TSCA Chemical Registration
Pursuant to Section 5 of TSCA, a company may not manufacture or import a chemical for commercial purposes unless the chemical is listed on the TSCA Chemical Substance Inventory. There are a number of exceptions to the registration requirement, such as chemicals that are mixtures, are polymers, or are manufactured in small quantities for R&D purposes. Some of the exceptions are subject to notification and risk assessment requirements.
Over the years, the TSCA Inventory has become clogged with chemicals registered, but never used. “This rule will enable EPA to… designate chemical substances on the [TSCA] Inventory as active or inactive in U.S. Commerce.” 82 Fed. Reg. at 37522. The designation of a substance as active or inactive is relevant to EPA’s prioritization of substances for risk evaluations under the Act. A substance posing an unacceptable risk may be banned from use after risk evaluations are complete.
Certain “manufacturers” and “processors” of chemical substances listed on the TSCA Inventory that are distributed in commerce in the United States are covered by the rule. The term “manufacturer” includes importers, so a company that imports chemicals for distribution or use may be subject to the rule. The phrase “process for commercial purposes” means to prepare any amount of chemical substance “for the purpose of obtaining immediate or eventual commercial advantage” and includes mixtures and impurities. Therefore, most manufacturers and distributors will be required to file a notification.
Manufacturing or processing a chemical listed on the TSCA Inventory solely for an exempt commercial purpose is not subject to the rule. The list of exempt activities includes manufacturing or processing of:
- Chemicals with impurities or by-products with no subsequent commercial purpose.
- “Small quantities” of chemicals solely for R&D.
- Substances existing “solely as part of articles.”
- Substances processed solely for export or test marketing.
Where an “equivalent notice” has been provided to EPA, notification under the rule is not required. Such prior notice may have been received as part of the interim list of active substances, chemical substances for which TSCA registration by Notice of Commencement occurred after June 21, 2006, but before June 21, 2016, and those for which notification is made by another manufacturer.
The notification requirements are straight-forward. A covered facility must notify EPA of the activity and use of each chemical substance manufactured, imported, or processed at the facility. Retrospective reporting applies to chemical substances listed on the TSCA Inventory and manufactured during the 10-year period ending on June 21, 2016. This 10-year period is referred to as the “look-back period” in the Act. If a chemical substance has not been manufactured, imported, or processed during the look-back period, the facility need not file an applicable form, but further use of that chemical substance is prohibited without a forward-looking Form B submission.

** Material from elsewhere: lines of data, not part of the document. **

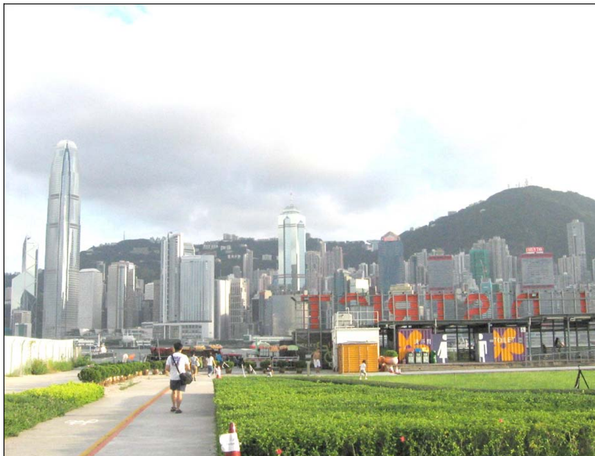
Photo VC07 (LCA03) West Kowloon Cultural District Temporary Waterfront Promenade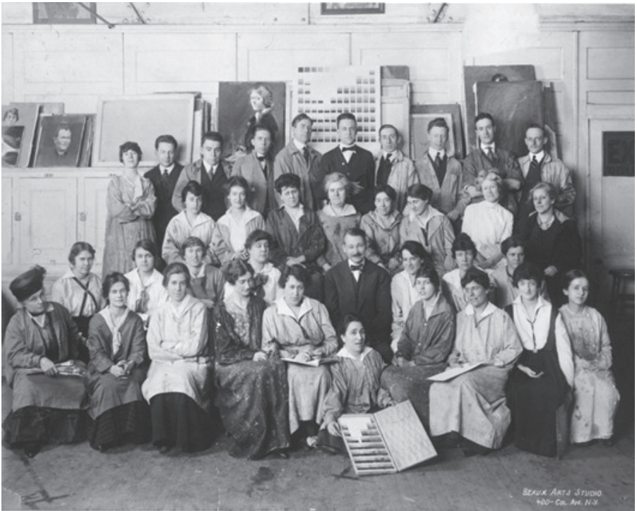
Figure 3. Robert Henri's Art Students League painting class, New York, ca. 1916. Robert Henri is seated in the center of the second row.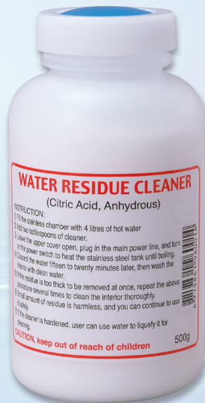
A bottle of 500 gram cleaner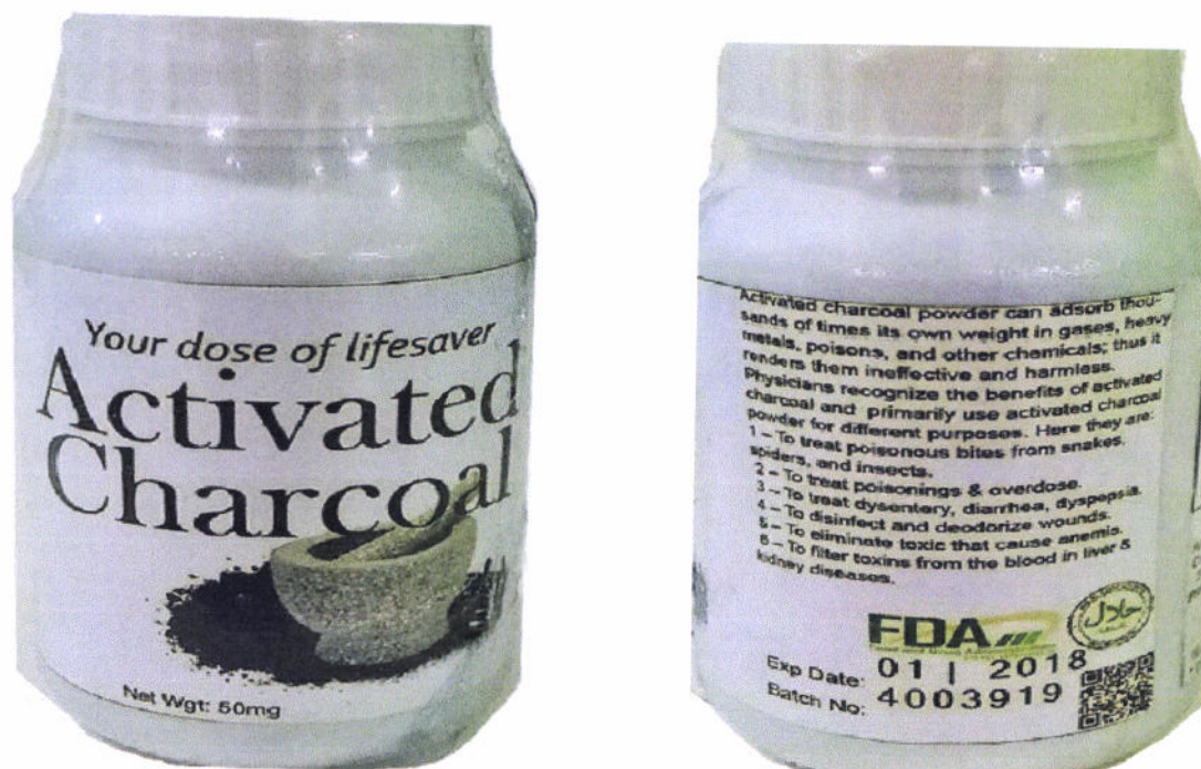
Figure 1. Unregistered Activated Charcoal

The Food and Drug Administration (FDA) advises the public against the use of the following unregistered food supplements: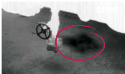
Captured gas leak from production site.

Benzene, Ethanol, Ethylbenzene, Heptane, Hexane, Isoprene, Methanol, MEK, MIBK, Octane, Pentane, 1-Pentene, Toluene, m-xylene, Butane, Methane, Propane, Ethylene and Propylene.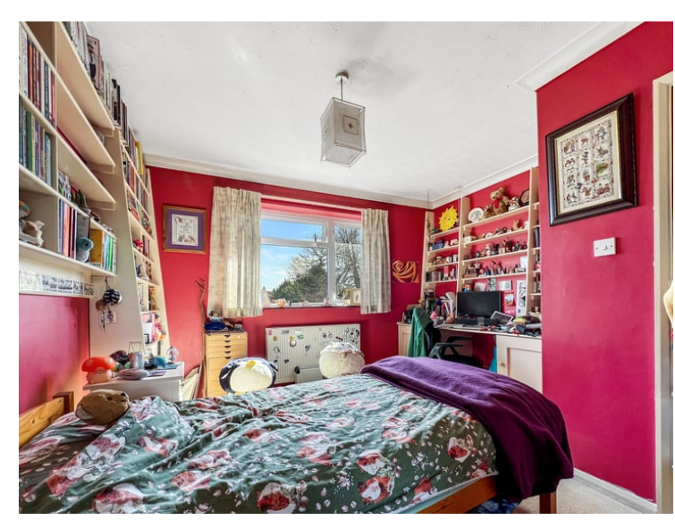
3.72m x 3.42m (12' 2" x 11' 3")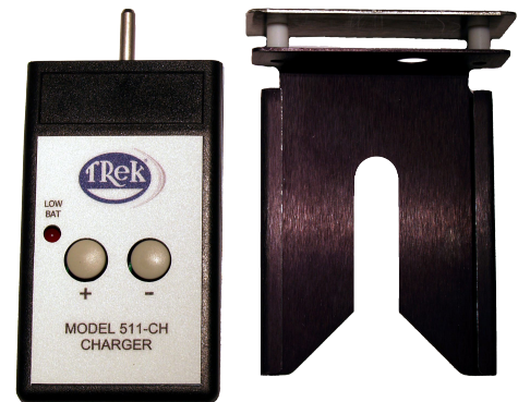
Model 511 Ionizer Kit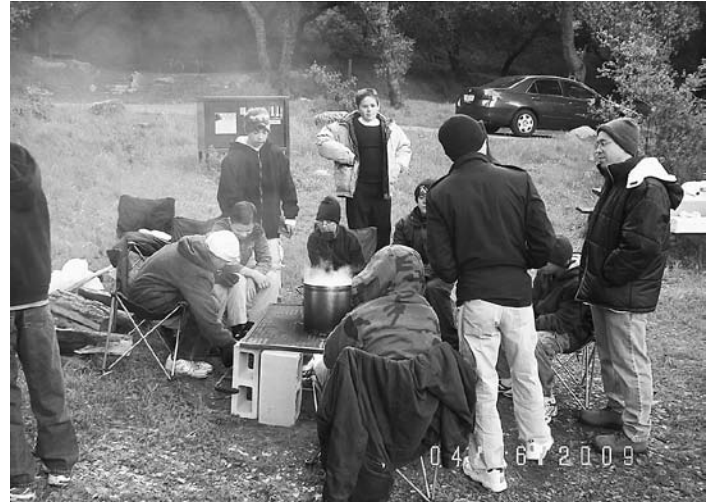
The boys warm up by the fire before attending Mass. A bear box (a reinforced storage container for food) can be seen in the background. The boys learned to lock up their food at night to keep the bears from eating it during their nightly scavenging expeditions.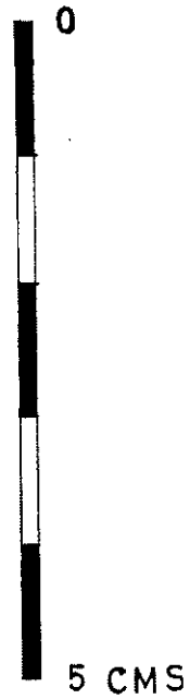
FIG. 29. - Brass Styliform Pin (8th-9th cent.) from Old St. Chad's Crypt.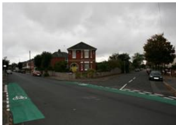
Figure 77: Avenue Road and Avon Road West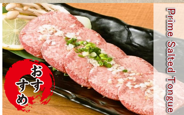
Prime Salted Tongue

EPA developed two versions of forms to be filed: Notice of Activity Form A and Notice of Activity Form B. Form A is to be used by those facilities reporting retrospective chemical activity, while Form B is to be used by those wishing to “reintroduce into… commerce” an inactive substance.
Information required under Form A must be reported electronically and include the following for each reportable chemical:
- Company Information Authorized Official, and Technical Contact.
- Chemical Specific Information - - chemical abstract number and index name.
- Certification of accuracy.
Co-manufacturers and co-processors should determine among themselves which entry complies with the rule, but both remain liable if a notification required under the regulation is not submitted.
Deadlines for filing the electronic Form A and Form B differ for the type of manufacturer or processor involved. Each timeframe for reporting is discussed below based on the type of operation.
Form A notification of retrospective use of a chemical substance must be filed during the applicable submission period. Manufacturers and importers must file between August 11, 2017, and February 7, 2018. Processors are subject to a submission period commencing August 11, 2017, and ending October 5, 2018, which provides time for the processor to determine whether a Form A notification was filed by the manufacturer.
Notification triggered by Form B (re-activation of an inactive substance) must be submitted at least 90 days prior to manufacturing or processing the inactive substance.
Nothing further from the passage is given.